Он оглянулся и увидел своего отца.
Маленький старичок, сморщенный, точно человечек Гофмана, и весь закутанный в меха, точно самоед, тронул сына локтем, чтобы не вынимать рук из муфты, висевшей у него на шее.
Казалось, что глаза его, с расширенными от холода или от радости зрачками, мечут искры.
— Ты не обнимешь меня, сын мой? — сказал он таким тоном, который был бы уместен в устах греческого отца, желающего поблагодарить сына-атлета за победу, одержанную им в цирке.
— От всего сердца, дорогой отец, — отвечал Филипп.
Но нетрудно было понять, что тон, которым были сказаны эти слова, никак не соответствовал их содержанию.
— Так-так.
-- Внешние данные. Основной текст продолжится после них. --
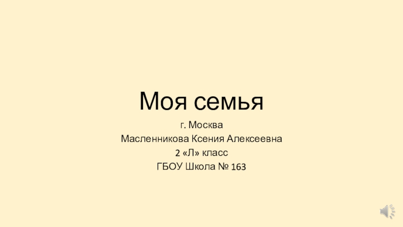 Моя семьяг. Москва Масленникова Ксения Алексеевна2 «Л» классГБОУ Школа № 163
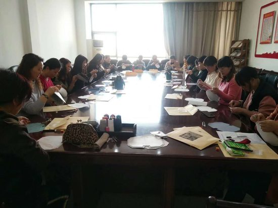 本次活动由美术学院张艳老师担任主讲,分为10个小组展开学习。张艳老师在展示了各类精美手工艺品后,结合视频展开教学,对针线的使用和针法进行现场指导。女教工们认真学习针织技巧,积极地与张艳老师探讨自己的疑惑。不同小组间相互交流经验,共同学习,互帮互助。经过大家的努力,各个小组制作出了独具中国传统特色的针织手提包和各类精美的手工艺品。

А теперь, обняв меня, иди, иди скорее.
И он подтолкнул его вперед.
— Куда вы посылаете меня, сударь? — спросил Филипп.
— Да туда, черт возьми!
— Туда?
— Да, к королеве.
— О нет, благодарю, отец.
— Как нет? Как благодарю? Да ты с ума сошел! Ты не хочешь снова идти к королеве?
— Нет, это невозможно. Вы не думаете о том, что говорите, дорогой отец.
— Как невозможно? Невозможно пойти к королеве, которая тебя ждет?
— Ждет, меня?!
— Ну да, да, к королеве, которая желает тебя…
— Желает меня?
Филипп пристально взглянул на барона.
— Право, отец, — холодно сказал он, — мне кажется, что вы забываетесь.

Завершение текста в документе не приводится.